Engineering MultiQueues: Fast Relaxed Concurrent Priority Queues
Marvin Williams, Peter Sanders
TL;DR
The paper introduces MultiQueue, a relaxed concurrent priority queue that distributes work across many internal PQs and uses a two-choice deletion policy to substantially reduce contention. With buffering, stickiness, and cache-aware design, it achieves near-sequential running times while maintaining bounded rank errors and delays that grow only linearly with the number of threads. Theoretical analysis shows probabilistic wait-freedom and $O(p)$ expected rank error (and $O(p\log p)$ tail) under reasonable assumptions; empirical evaluation demonstrates superior throughput and competitive quality across benchmarks such as shortest-path and knapsack, significantly outperforming linearizable PQs and many rivals. The approach provides a practical, configurable balance between throughput and correctness and suggests broad applicability to parallel priority-driven workloads, including potential GPU implementations.
Abstract
Priority queues are used in a wide range of applications, including prioritized online scheduling, discrete event simulation, and greedy algorithms.
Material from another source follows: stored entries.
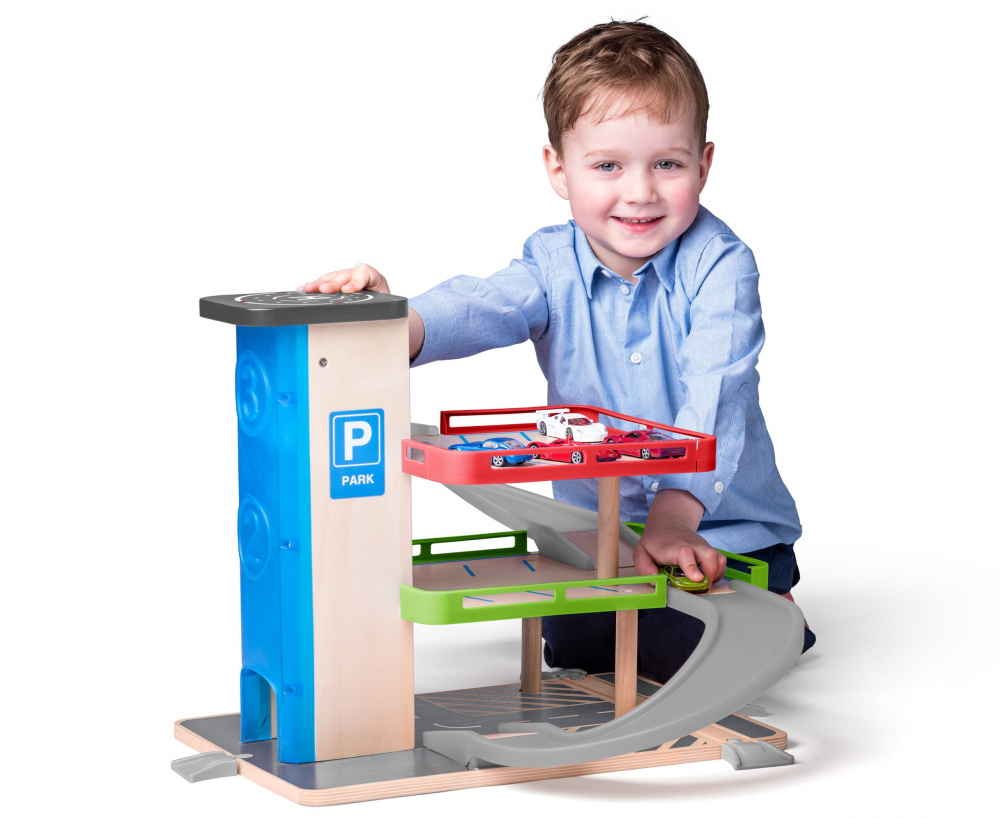 Un garaj din lemn cu un ascensor este foarte distractiv pentru micutii auto.
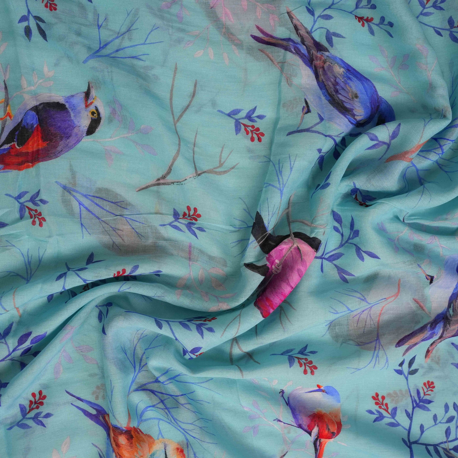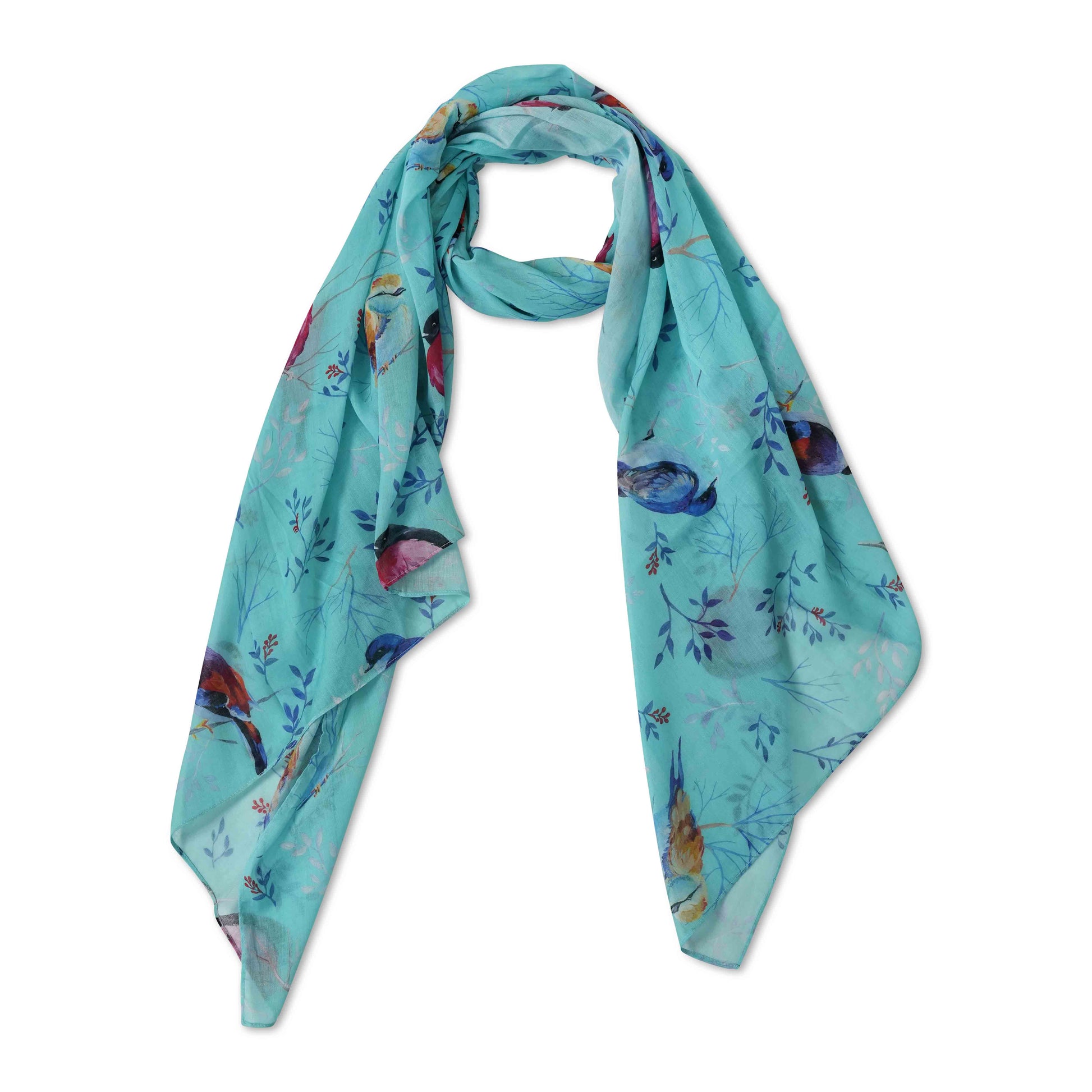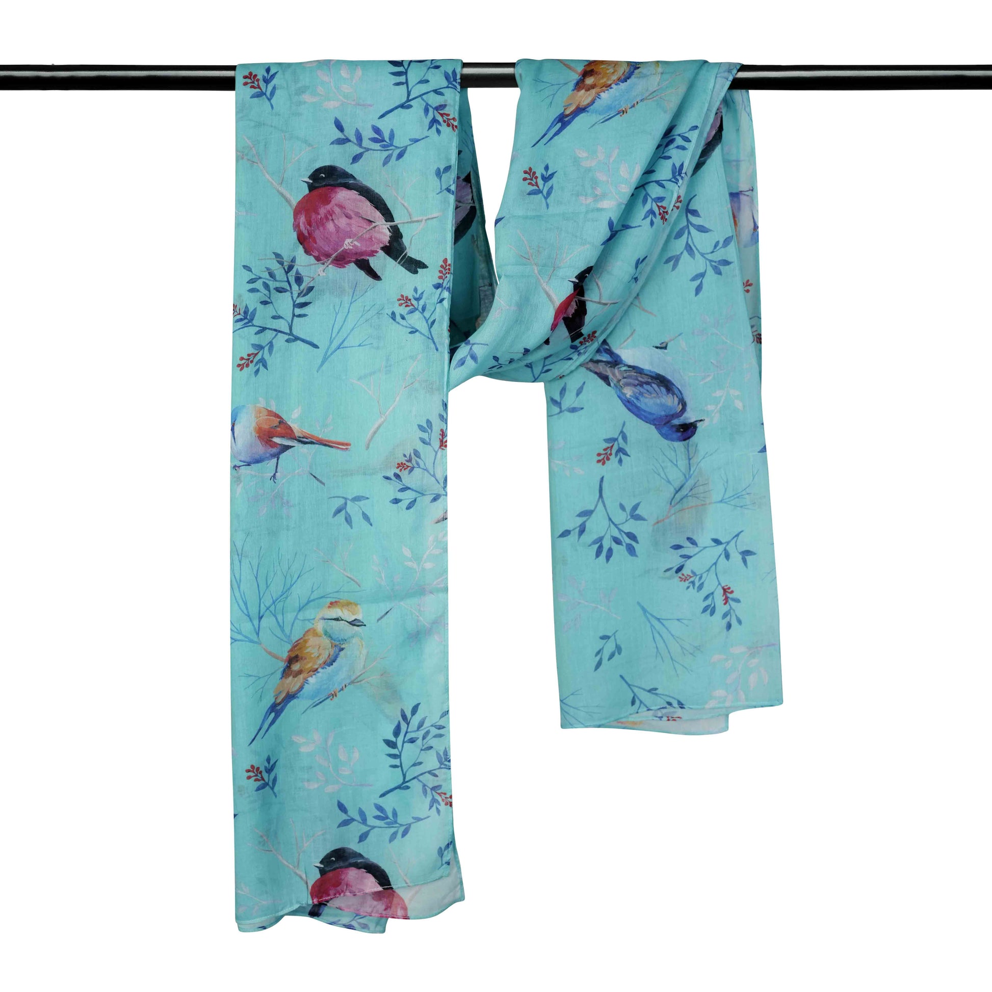 Tropical Bird Scarf – Cotton Modal Blend | Colorful Songbird & Botanical Print on Aqua Blue
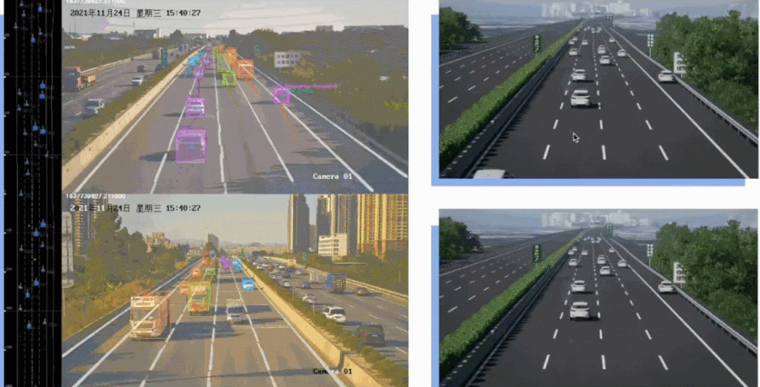 从我们过去做的一些工作可以得出,孪生最核心的一个维度是感知,如何在不同天气、不同状态、我们肉眼不可视的情况下,甚至在传感器很难去探测的情况下进行数字孪生,是我们需要探讨的一个话题。过去我们在自动驾驶和智能交通领域,会利用雷达等设备在夜间或者大雾天进行车辆轨迹跟踪,然后再进行孪生,使得我们对整个交通状况了如指掌。
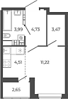 Жилая 22.2 м2
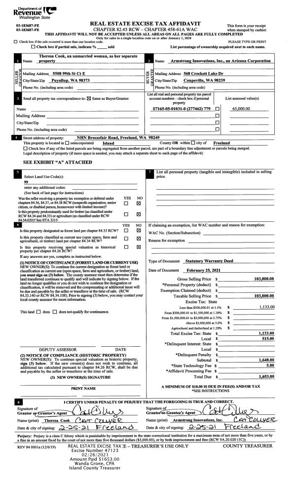 | Mailing Address: | 531 2ND ST LANGLEY, WA 98260 | % Ownership: | 100.0000000000% |
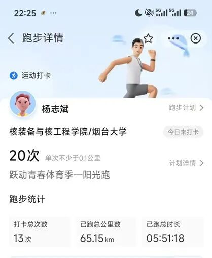 跑步总里程:65.15公里
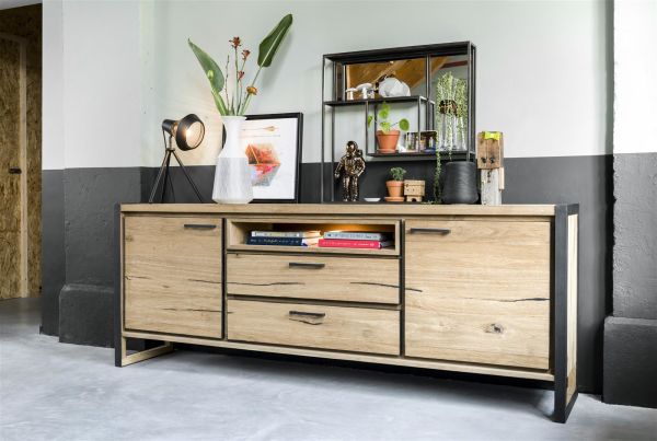 Metalo, buffet bas 210 cm - 2-portes + 1-tiroir + 1-niche (+ LED)

In parallel settings, classical priority queues often become a severe bottleneck, resulting in low throughput. Consequently, there has been significant interest in concurrent priority queues with relaxed semantics. In this article, we present the MultiQueue, a flexible approach to relaxed priority queues that uses multiple internal sequential priority queues. The scalability of the MultiQueue is enhanced by buffering elements, batching operations on the internal queues, and optimizing access patterns for high cache locality. We investigate the complementary quality criteria of rank error, which measures how close deleted elements are to the global minimum, and delay, which quantifies how many smaller elements were deleted before a given element. Extensive experimental evaluation shows that the MultiQueue outperforms competing approaches across several benchmarks. This includes shortest-path and branch-and-bound benchmarks that resemble real applications. Moreover, the MultiQueue can be configured easily to balance throughput and quality according to the application's requirements. We employ a seemingly paradoxical technique of wait-free locking that might be of broader interest for converting sequential data structures into relaxed concurrent data structures.